CornBread Old Fashioned

 
 

Ingredients

  • 1/2 oz honey syrup

  • 3 dashes molasses bitters

  • 2 1/2 oz brown butter-washed Bottled-In-Bond Bourbon

DIRECTIONS

  1. Combine all ingredients in a mixing glass.

  2. Stir with ice for about 20 seconds.

  3. Place a large ice cube in a rocks glass and strain the cocktail over the cube.

  4. Garnish with an expressed orange peel.

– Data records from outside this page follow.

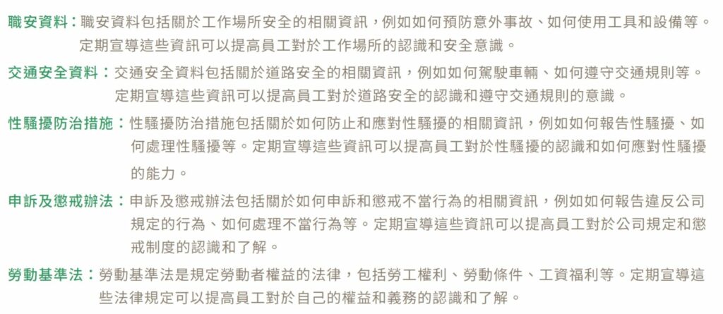 台灣保全將宣導工安資料、交通安全資料、性騷擾防治措施、申訴及懲戒辦法、勞動基準法等相關規範視為相當重要的課題,藉以不斷不定期的宣導方式,保障員工的權益和安全。包含:
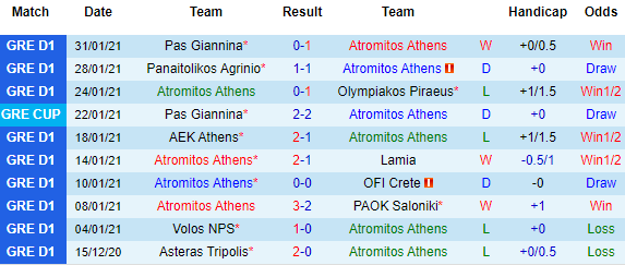 + Thống kê 10 trận gần nhất của Atromitos
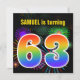 Este design de convite de aniversário vibrante e divertido apresenta um padrão colorido inspirado em fogos de artifício comemorativos que explodem, juntamente com o número "63", tendo um espectro multicolorido como o arco-íris ou um padrão de gradiente. O nome na frente pode ser personalizado. A parte traseira apresenta detalhes personalizáveis sobre a parte. Convites de festas de aniversários como este podem ser enviados a potenciais convidados para uma festa de aniversário que comemora o sexagésimo terceiro aniversário de alguém. [~Z0000337]
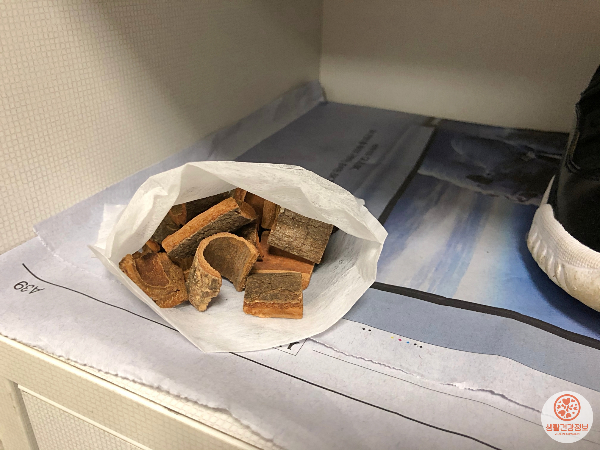 신발장에 신문지를 깔아두거나 통계피를 넣어서
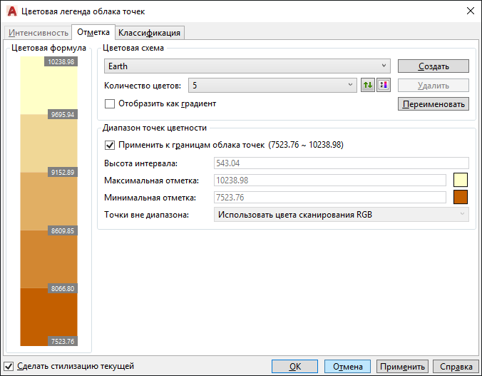 Редактирование параметров цветовой схемы для стилизации облака точек по отметке.
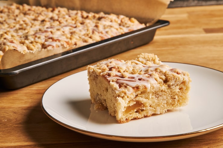 - Когда наступит нужный момент, извлекаем десерт из холодильника, снимаем пленку, покрываем кремом со всех сторон и посыпаем крошкой.
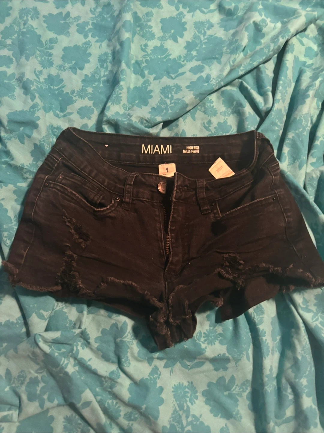 I'm selling a pair of Miami brand black denim shorts! They are high rise and in size 1. They're in good condition and ready for a new owner!
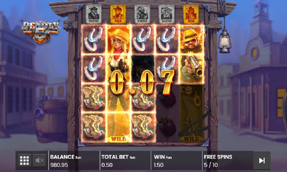 В слоте Deadly 5 известная студия Push Gaming приглашает игроков погрузиться в вечную тему покорения Дикого Запада. Более того, разработчики обещают, что за голову каждого из грозных ковбоев назначена солидная цена. На этот раз креативная команда решила удержаться от безудержных инноваций и порадовать любителей классики.

BROWN BUTTER-WASHED BOURBON

  • 2 cups Bottled-In-Bond Bourbon

  • 1 stick of unsalted butter, cut into pads

To brown butter, place pads of butter in a skillet over medium heat and stir to ensure they melt evenly. The butter will foam and the milk solids will start to separate. Continue stirring until the butter turns golden brown and the foaming settles down (about 6 minutes). The milk solids will collect on the bottom of the pan and start to toast, creating a nutty scent. It’s helpful to use a light-colored pan if you haven’t browned butter before. Butter burns quickly, so keep an eye on it. Let cool and transfer to a sealable container. Add the bourbon and lightly shake to ensure it’s well incorporated. Let sit at room temp until the butter solidifies. Skim the fat and strain the whiskey through cheesecloth or a coffee filter to remove excess fats. Transfer to a fresh container and store refrigerated for up to two weeks.

HONEY SYRUP

Combine 2 parts honey to 1 part water in a saucepan over medium heat and stir until the honey incorporates. Cool, transfer to an airtight container, and store refrigerated for up to one month.